By the time you reach the big 4-0, you should have a nice chunk of change put away for the future.
Experts recommend having the equivalent of three times your annual salary in the bank by 40 if you plan to retire at 67 and live a similar lifestyle, according to a recent report by financial services company Fidelity.
That's up from the amount you should have socked away by 35, which is double your salary.
And that's a lot to have saved, especially considering that few Americans are on track to reach these goals. The median amount of retirement savings for working-age families in the U.S., those ages 32 to 61, is just $5,000. Additionally, 35 percent of all adults in the U.S. have only several hundred dollars in their savings accounts and 34 percent have zero, according to a 2016 GOBankingRates survey.
How do you get to triple your salary? Save as much as you can as early as you can. Fidelity recommends putting away 15 percent of your income per year starting at age 25 and investing more than 50 percent of your savings over your lifetime.
"The good news is that that 15 percent also includes any employer match," Ken Hevert, senior vice president of retirement at Fidelity, tells CNBC Make It. That means if you're eligible for a 5 percent match on your 401(k) plan and you contribute 5 percent of your salary to the account, you're already putting away 10 percent.
Three big factors determine if you're on track for retirement: amount, account and asset allocation. In addition to saving 15 percent of your income, you should be investing it back into the market. The easiest way to get started is to sign up for your employer's 401(k) plan and take full advantage of any company match, which essentially gives you free money.

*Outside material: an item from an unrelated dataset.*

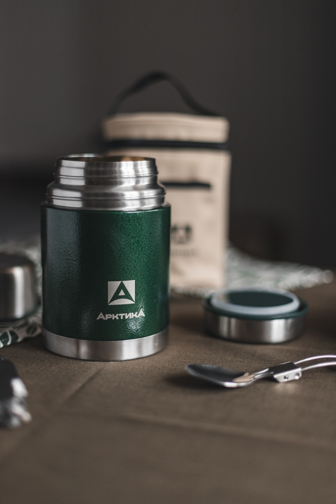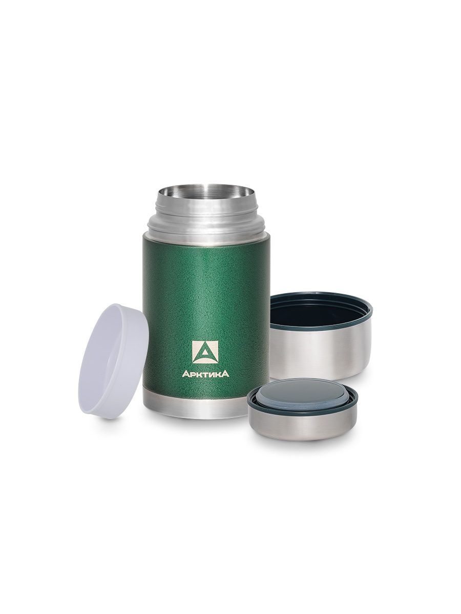 Термос для еды Арктика 306-1000А с супер-широким горлом в чехле, 1 л (Зеленый)

Regardless of whether your employer offers a 401(k), you can contribute to a Roth IRA or traditional IRA, which are both individual retirement accounts that offer tax breaks.
In addition to saving and investing, you also want to create a diversified portfolio. "The purpose of diversification, ultimately, is that through different economic cycles and different policy cycles, some asset classes will perform better than others," Hevert says.
As the market swells and declines over the years, a mix of various types of investments will keep you from being at the mercy of how one specific stock, or kind of stock, is performing.
Accruing triple your annual income by 40 represents an ideal scenario, especially if you choose to divert savings to other goals, such as buying a home or having kids. But as a general rule, if you're aiming to save around 15 percent of your income — or as close as you can get — and invest it, "you're going to be in the right ballpark," Hevert says.
At the end of the day, how much you'll want to save for retirement will depend on the lifestyle that you want to maintain during your golden years. Do you want to travel? Pursue a hobby? Go back to school? "This is all about giving people the confidence that they're going to be able to maintain a desired lifestyle, while also putting themselves in the best position to not run out of money," Hevert says.